1. 📘 Topic and Domain: The paper presents Qwen3-TTS, a family of advanced multilingual, controllable, robust, and streaming text-to-speech models in the speech synthesis domain.
2. 💡 Previous Research and New Ideas: The paper builds on discrete speech tokenization methods and autoregressive language modeling for TTS, proposing a novel dual-track LM architecture with two new speech tokenizers (25Hz semantic-focused and 12Hz ultra-low-latency multi-codebook) for real-time synthesis.
3. ❓ Problem: The paper aims to solve the challenges of achieving stable, controllable, and human-like speech synthesis with low latency while supporting multiple languages, voice cloning, and fine-grained control through natural language instructions.
4. 🛠️ Methods: The authors use a dual-track autoregressive architecture with two custom tokenizers, train on over 5 million hours of speech data across 10 languages, employ a three-stage pre-training process followed by post-training with DPO and GSPO, and implement streaming capabilities through block-wise attention mechanisms.

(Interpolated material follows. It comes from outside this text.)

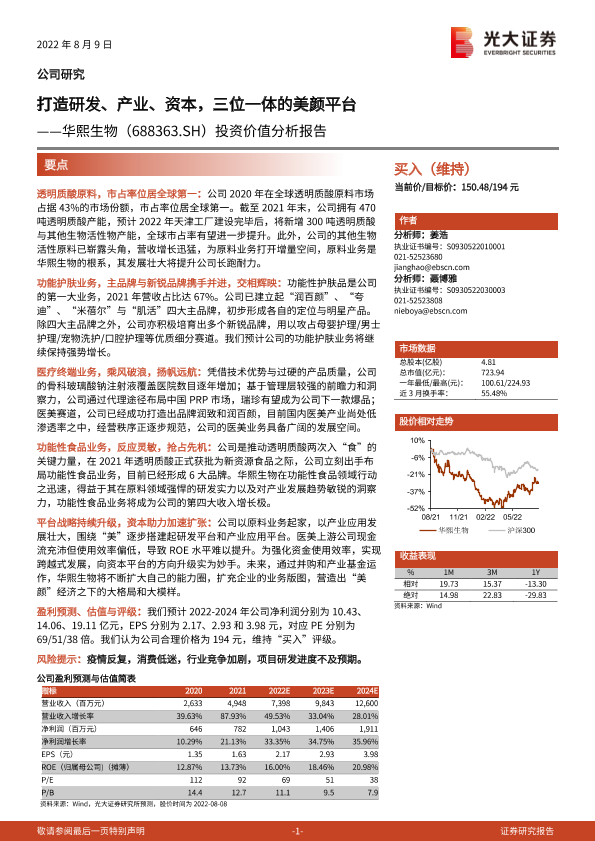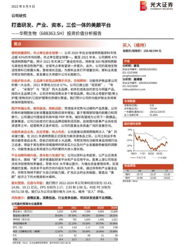 【光大证券】【20220809】20220809-光大证券-华熙生物-688363.SH-投资价值分析报告:打造研发、产业、资本,三位一体的美颜平台-64页

5. 📊 Results and Evaluation: Qwen3-TTS achieves state-of-the-art performance in zero-shot voice cloning (lowest WER on Seed-TTS benchmark), superior speaker similarity across all 10 evaluated languages compared to commercial baselines, exceptional cross-lingual synthesis (66% error reduction in Chinese-to-Korean), and can generate over 10 minutes of natural speech with first-packet latency as low as 97ms.